Sarah Peillon : Oui, en on arrive à faire des choix, non plus au regard de la qualité du dossier de l’instruction, mais de ce qui peut être le moins préjudiciable pour le dossier. On se limite en estimant qu’en l’état des actes déjà effectués, un dossier peut être jugé, même si on aurait aimé faire d’autres actes pour arriver au degré le plus proche de la manifestation de vérité. Mais compte tenu des délais et de la charge de travail, on se dit que cela va devenir préjudiciable pour le dossier, trop long… Nous faisons des choix au regard de la gravité du dossier, de ses enjeux, des actes qu’on a déjà pu aborder au cours de la procédure, on essaie toujours de trouver un équilibre entre le cœur de notre métier, qui est d’instruire, et les conditions réelles d’exercice. Cela a un lien avec le malaise exprimé dans notre enquête : si plus de la moitié des collègues envisagent de changer de fonction, c’est qu’il y a aussi une perte de sens dans le métier d’instruction, on en arrive à faire des choix de gestionnaires. En théorie, nous récupérons les enquêtes et les délits complexes, l’équivalent de 3 % des affaires du procureur. Normalement, le cœur de notre métier est de prendre le temps de connaître le dossier, de procéder à des actes à charge et à décharge.

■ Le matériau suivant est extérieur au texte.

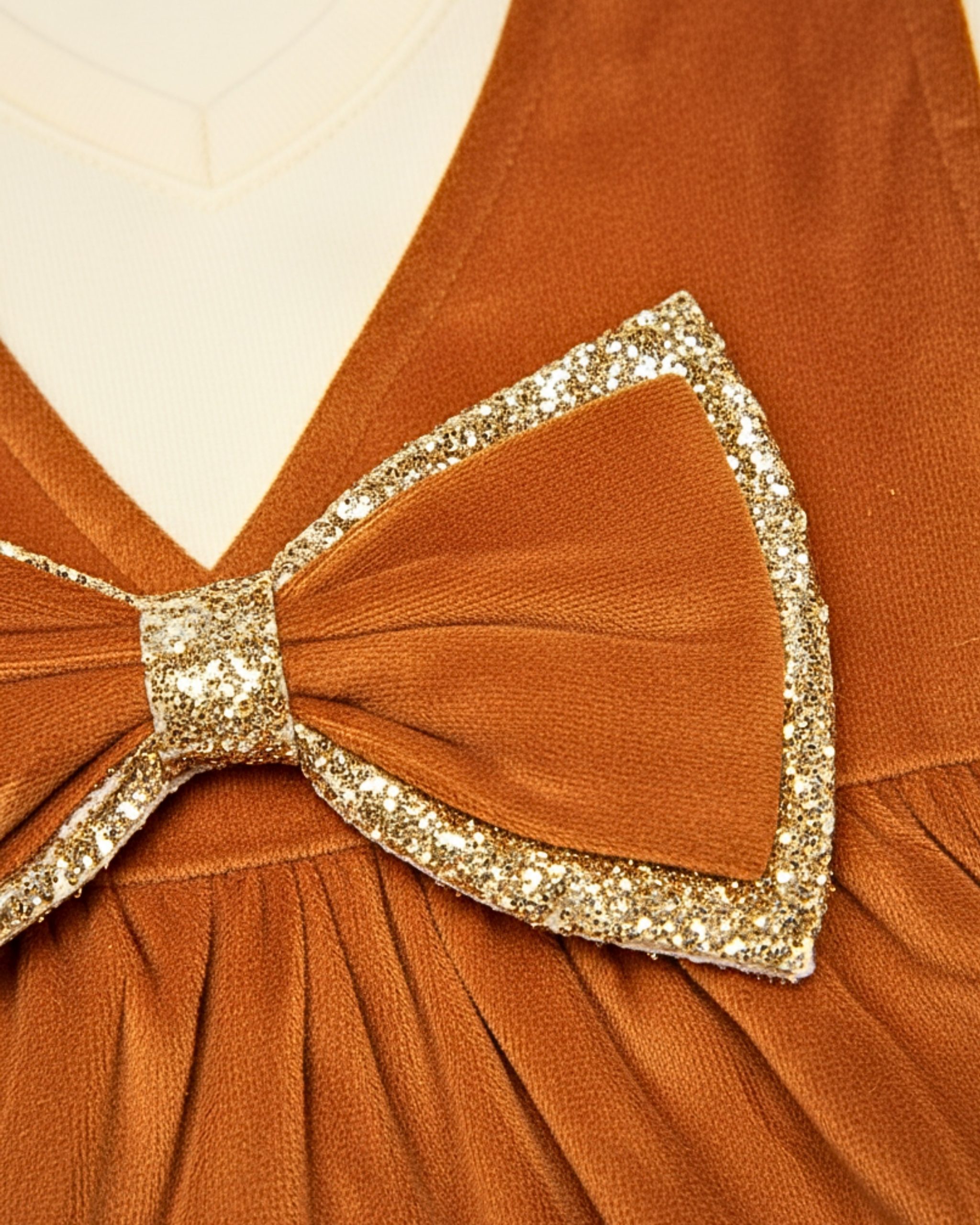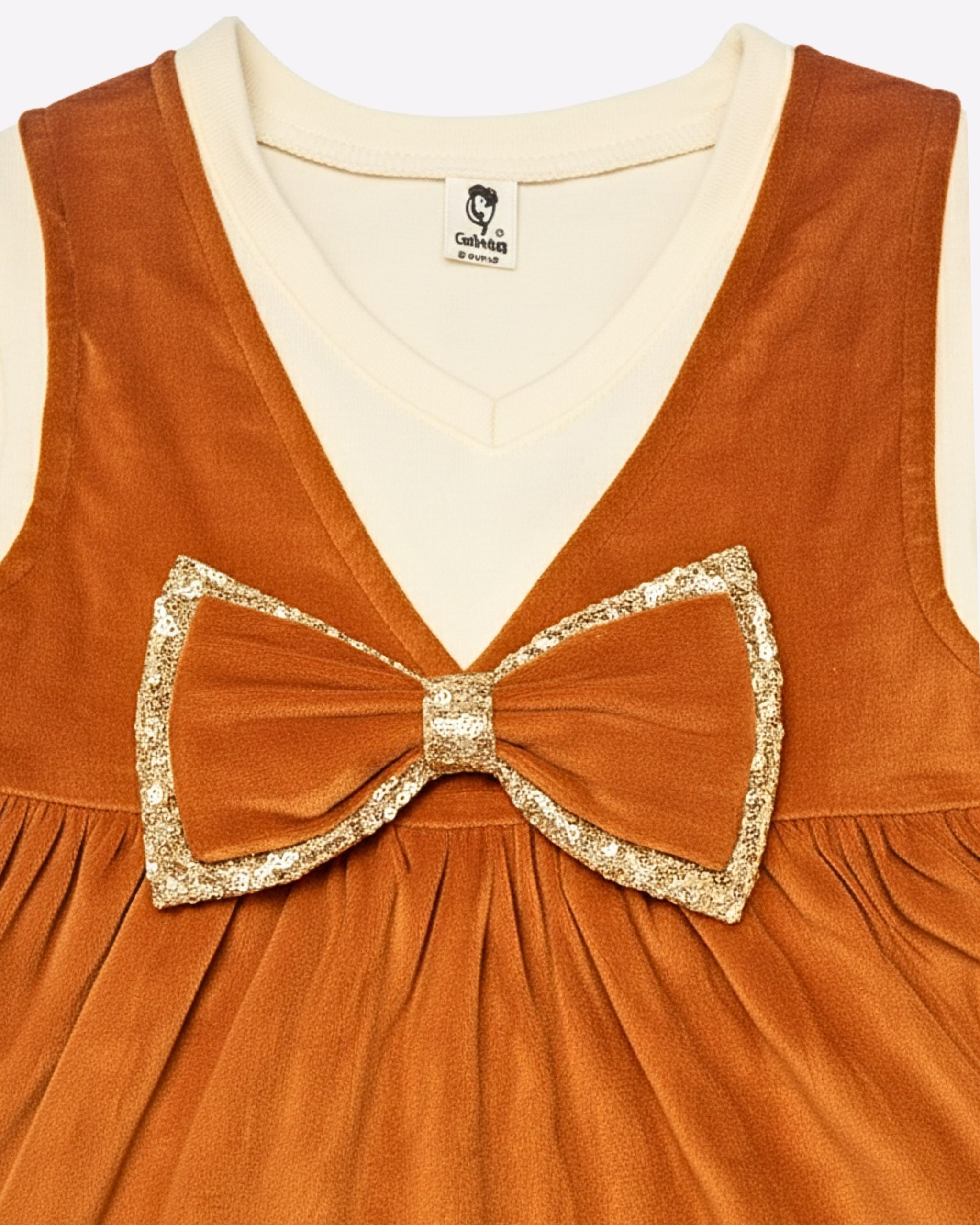 Elegant Orange Velvet Pinafore Dress with Gold Bow Accent

AJ : Que dire de la sous-dimension des services de police d’enquête ?

Sarah Peillon : Nous avons bien conscience que les services d’enquête sont – puisque nous les saisissons – tout aussi chargés que nous. Ils ont eux aussi des choix à faire selon l’urgence de leurs dossiers, ce qu’ils priorisent. Nous devons combiner avec notre gestion et la leur. Et cela joue forcément sur la direction d’enquête, car il faut trouver du temps pour les réunions avec les enquêteurs, pour faire des points réguliers sur les dossiers. Le déroulé idéal est d’avoir le temps de rendre compte des investigations pour réorienter l’enquête au fur et à mesure. Mais cela demande du temps, et avec la surcharge de chacun, cela devient compliqué. Ces moments-là, propres à la direction d’enquête, se restreignent forcément de plus en plus.

AJ : Mal-être, souffrance, burn-out… Vous voyez vos collègues malades ?

Sarah Peillon : C’est une donnée qu’on avait justement besoin d’objectiver. Car nous le voyons au quotidien, que ce soit à l’AFMI ou auprès de nos collègues. On connaît tous un collègue qui a dû s’arrêter en raison d’un burn-out professionnel, d’une surcharge, d’un sentiment de ne plus du tout y arriver. Dans notre entourage direct, cela concerne tout type de juge d’instruction, qu’il s’agisse de juges nouvellement arrivés dans leurs fonctions ou plus avancés, montrant la diversité des profils impactés par cette souffrance.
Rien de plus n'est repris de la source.